Нас совершенно не могут, конечно, удовлетворить объяснения, которые пытался дать этим колебаниям биограф кн. Львова, к тому же не очень разобравшийся в фактическом положении дел. Он объяснил молчание правительства в течение «четырех» дней на запрос Испол. Ком. тем, что правительство желало «выиграть время» «для «тайных» переговоров, которые оно вело с английским послом. Полнер без критики поверил позднейшим голословным заявлениям членов правительства25 и весь одиум переносит на «трусливую угодливость и забегание вперед некоторых социалистических демагогов».

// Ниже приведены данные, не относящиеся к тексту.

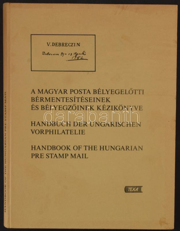 A magyar posta bélyegelőtti bérmentesítéseinek és bélyegzőinek kézikön... https://www.darabanth.com/hu/513-Filatelia-kepeslap-numizmatika-mutargy-konyv-papirregiseg-ekszer-aukcio/513.0/Kiemelt-magyar-filatelia-tetelek-es-gyujtemenyek/Katalogusok-szakirodalom~13/A-magyar-posta-belyegelotti-bermentesiteseinek-es-belyegzoinek-kezikonyve3Cbr-3E-erosen-~II3466443

Что же?.. Остается только признать сознательное двурушничество?.. Не думаю. Вернее – мешанина, которую творили «частные совещания», и в силу этого полное отсутствие определенности позиции самого правительства. Но, очевидно, окончательное решение Исполн. Ком. принять энергичные меры возбудило сомнение. Едва ли правительство могло опасаться эксцессов «сепаратных мер» Исполн. Ком. – выбор Гвоздева в качестве комиссара по выполнению поручения и осуществления его через «военную комиссию» до некоторой степени гарантировал. Но стоял вопрос о престиже власти – слишком было бы подчеркнуто роковое двоевластие. Думаю, что поздно вечером 6 марта было принято постановление осуществить арест бывшего Императора своими средствами. Для успокоения общественного мнения (о настроениях в Москве сообщил прибывший в Петербург Кишкин) и соответствующей информации был послан в Москву «генерал-прокурор» – сведения о его ожидаемом приезде появились в московских газетах только в день прибытия. Передать же новое решение и его мотивы в Ставку не удосужились или не считали нужным, – утверждение Керенского, что Алексеев был осведомлен по прямому проводу Львовым, не находит пока никакого документального подтверждения и опровергается всеми показаниями (ген. Лукомский и др.).

Вероятно, и само решение было принято на одном из перманентных «частных совещаниях». Поэтому и было «большой неожиданностью» для управляющего делами правительства, когда 7 марта в служебном кабинете кн. Львова, куда он был приглашен и где собрались члены Правительства и специально призванные члены Думы, он узнал, что правительство решило лишить Императора свободы и перевезти в Царское Село: «Мне было поручено редактировать соответствующую телеграмму на имя Алексеева. Это было первое, мною скрепленное, постановление Врем. Прав., опубликованное с моей скрепой»26. Речь шла не о телеграмме Алексееву, а о том официальном тексте постановления, который был опубликован в газетах 8 марта.

Для выполнения постановления правительства командировались в Могилев члены Государственной Думы Бубликов, Вершинин, Горбунов и Калинин, в распоряжение которых поручалось генералу Алексееву предоставить воинский наряд для «охраны отрекшегося Императора». Им вменялось в обязанность «представить письменный доклад о выполнении ими поручения». Для чего были приглашены члены Думы, мало известные, за исключением Бубликова? Подобающую торжественность акту ареста бывшего Императора правительство могло придать командировкой в Могилев любого своего члена. Появление в Могилеве членов Думы отнюдь не золотило горькой пилюли, которая предлагалась Царю, и, быть может, лишь обостряло неожиданный эпилог, soi disant, добровольного отречения. Авторитет Думы нужен был для того, чтобы лишь внешне ослабить моральную дефективность постановления 7 марта и показать, что правительство действует не только в согласии с Исп. Ком. Совета, но и с одобрения Временного Комитета. Это было особенно важно для Ставки. Бубликов, на которого были возложены председательские функции в думской комиссии, говорит, что он предварительно был вызван к Родзянко. В официальном отчете комиссаров прямо уже говорилось, что они посланы были с соответствующими документами по распоряжению Временного Комитета для сопровождения (не ареста) Царя.